Background Sequential Loading

Over the length of the narrative of a flash project there are many times where you can sneakily load content whilst the user is engaged with the current content. In a sense your are trying to anticipate the users next navigation choice and load that rich content before they get there. This may mean splitting up a site into small chunks and sequentially loading these so not to bomb their connection. You need to manage this in a way they may add to the interactive experience, an example maybe to only show the menu item of a section when that section has loaded.

I am not opposite to preloaders or providing visual feed back to users of content loading, if fact I tailor these into the experience. It is about giving life to a project so it slowly becomes whole. A case study of this is the Template site Spacial, the sections load one after another and the menu and the visual appearance of the pages are all controlled by the loading of that section. This gives a feeling of the pages being drawn in front of you. This site needed all of the sections to be displayed as part of the visual and interactive design. The sections cannot be access until they are loaded.

You can also use systems where the content is sequentially loading in the background and give an “On Demand” override that loads or continues to load that content, stopping any loading to free up the connection. You’ll need to check the current loading progress and work out whether it is worth stopping it or just load what he user wants as well. I don’t recommend killing a URLloader at all. You do need to be careful if you build too much complexity, just as much as trying to load too much!

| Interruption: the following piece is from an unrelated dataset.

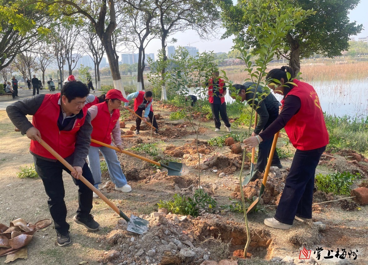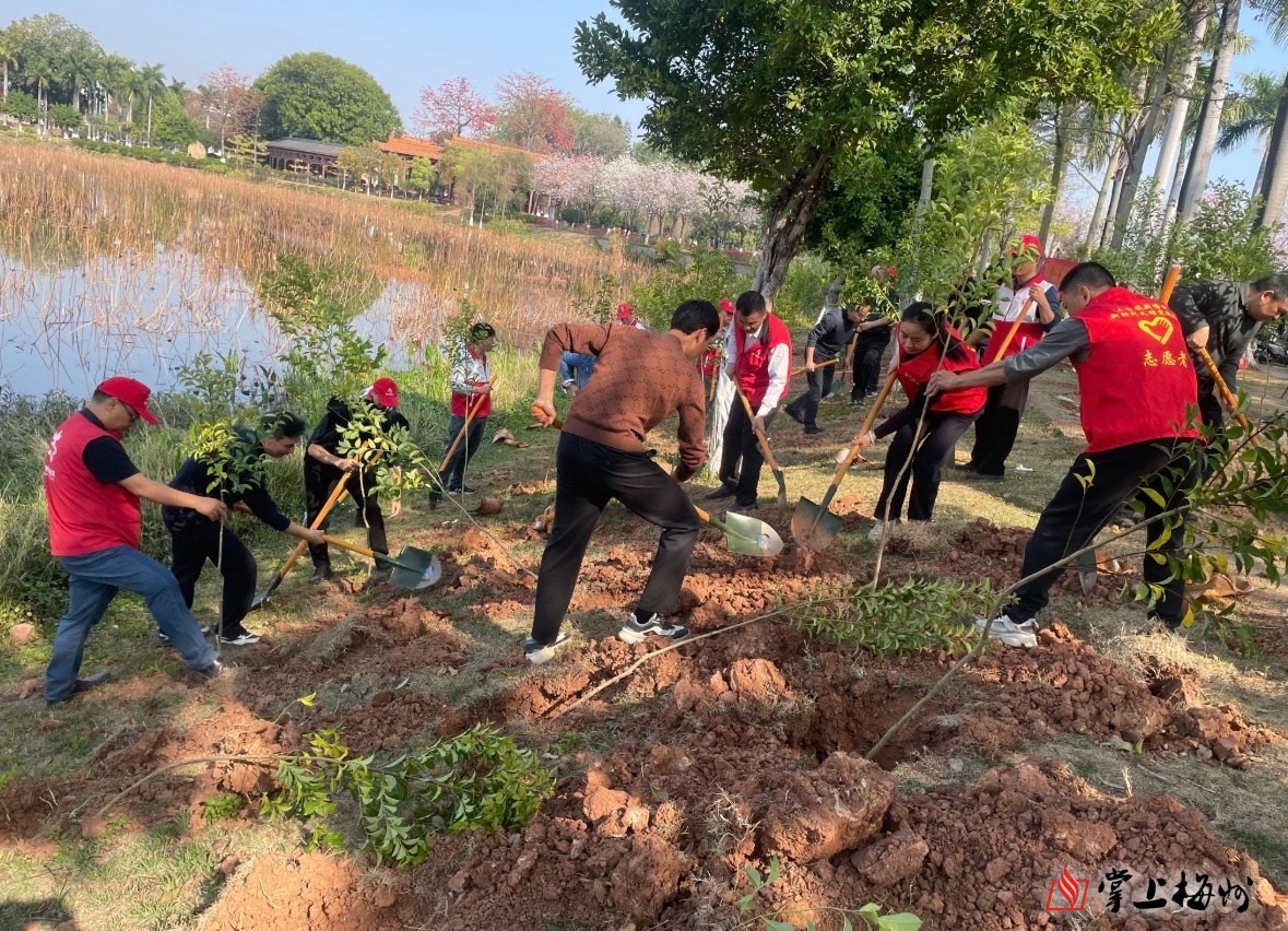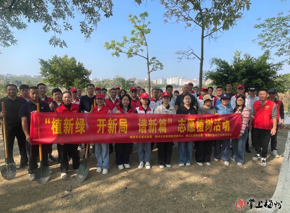 掌上梅州讯 3月18日上午,梅江区新塘村新时代文明实践站以“植新绿 开新局 谱新篇”志愿植树活动为契机,牵头联动梅州市交通运输局、梅州市疾病预防控制中心、梅江区委政法委等多家共建单位开展义务植树活动。

You really need to beware of order of events issues with this style of loading, the point is not to expect anything in the content until it has loaded.

Asymmetrical Loading

I mentioned before that the best comparison is to existing web content is a typical html page, where the content is loaded in small chucks and is almost displayed in a ranking based on file size. We all experience this day to day and in someways users are completely use to this.

Flash has always been the fat beast of user experience and has fought hard to be incorporate into the web. Over the last 7 years I have tried to step away from developing the typical embed swf for Flash content and have developed many dynamic solutions for customers and clients. It is a switch of practice where in a sense you consider your project to have a cascading file structure. Animated preloaders are hidden within the experience of the user. Streamed media is embraced to provided rich content. Efficient scripting provides rich animations and reduces file size.

There are many systems to help share content. Browser have a wonderful thing called a cache, you can use this to your advantage. Break your site up into generic files that once they loaded are cached, even if the individual aspects can be changed like text and image content. The practical methods is to separate your layout away from the content, if you have multiple styled pages store those as empty page-styles in a generic place. Once the page-style template has loaded, the content is loaded. Incorporate your art/interactive design into the process. Use the process of loading as part of the visual experience!

Investigate Adobe’s Shared Libraries, it is an incorporated solution and isn’t too difficulty for a mid level developer to get their heads around. Its not needed if you have good systems in place.

In a way it is Object Oriented Structure, thinking of your project outside of the embeded chuck that Flash has pushed designers and developers to make. Kill the fat 300kb beast and 30second preloader!